The home restaurant format, he adds, naturally creates the kind of warmth and familiarity he values most. “You can connect with your customers easily and welcome them in your home,” he says, “and give them the comfort of knowing that they are home and will be treated well.”
Post-COVID, and What the Pandemic Actually Taught Him
Like most restaurants around the world, Flaviano’s business was heavily affected by the pandemic. “My restaurant was also closed,” he says, “but in the meantime, I was providing takeaways and delivery service. I adapted to the new ways of providing food to people, and discovered that with restrictions, there are always new forms of service that can be provided.”
What struck him was how creative necessity became. Cloud kitchens, new delivery models, chef-at-home services – these ideas that had been peripheral suddenly moved to the center. And diners, who might previously have dismissed these formats, found themselves genuinely appreciating them.
Even during the uncertainty, he noticed customers becoming more open to new dining experiences and delivery-focused concepts. That was definitely a plus.
The Private Chef Life & Why It’s Not What You’d Expect

Along with operating the home restaurant in Palermo, Flaviano has built a parallel career as a private chef. He cooks for VIP families across Europe, and he thinks that the main difference between being an executive chef and a private chef comes down to human connection.

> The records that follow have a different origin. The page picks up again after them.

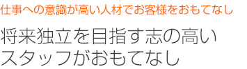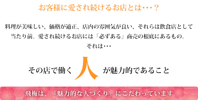 就業時間だけ仕事のことだけを考えていればいい、普通はそうかもしれませんが、お客様の想像や期待を超えるような接客サービスには、やはりスタッフひとりひとりの仕事に対する意識が大切です。飛梅が独立開業制度を設けている理由のひとつに、将来は独立したいという野心を持った志の高い人材を集めることで、質の高い接客サービスをしていきたい、そんな想いも込められています。
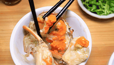 2、蟹肠:里面有蟹的排泄物,掰开蟹身之后,看到蟹黄、蟹肉处有一根根黑色的东西,要取掉。
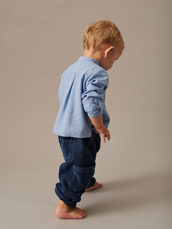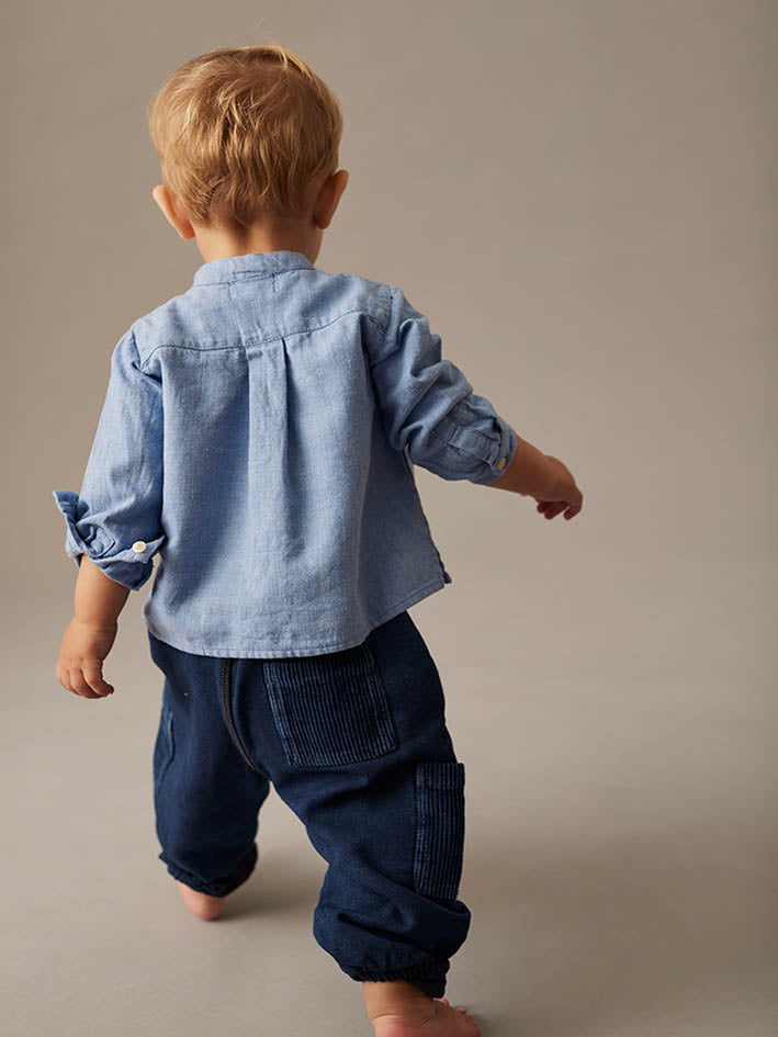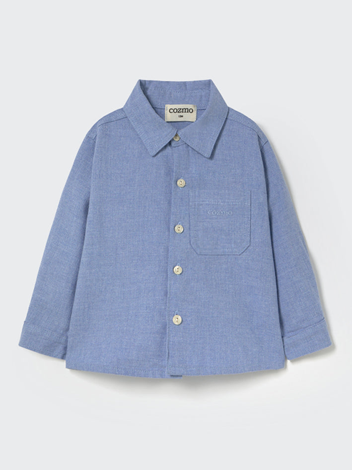 This Dublin Chambray Baby Shirt by My Little Cozmo is made from cotton Flannel with a mélange effect, crafted from 100% sustainable cotton. It features a classic collar, a button-down front placket, and a chest patch pocket with “Cozmo” embroidered on it. Buttoned cuffs offer a secure fit. Fully lined with a soft brushed knit for added warmth and comfort. Made from cotton certified by the Better Cotton Initiative. Offers a unique, handcrafted look. A sustainable choice for your baby’s wardrobe. 100% cotton. Woven

He says, “As an executive chef, I feel you do not connect with the customers. You only work and work. As a personal chef, you have to put love and emotions into your dish.”
What he misses, when he’s on the road, is the atmosphere of his own space. “I would like customers to feel the warmth of the Mexican atmosphere, the ambiance of Mexican food, and the culture. Now I think the restaurant can be obsolete, and you need to offer something different, which is more than food.”
That is exactly why the home restaurant model appeals to him, “which can maybe give you just one kind of menu but can also give you the feeling of home, a feeling like you’re going out visiting a friend.”
That, in the end, is probably the clearest expression of what Flaviano Sforza actually values the most. He wants his guests to feel that someone, on the other side of the kitchen door, actually wanted them there.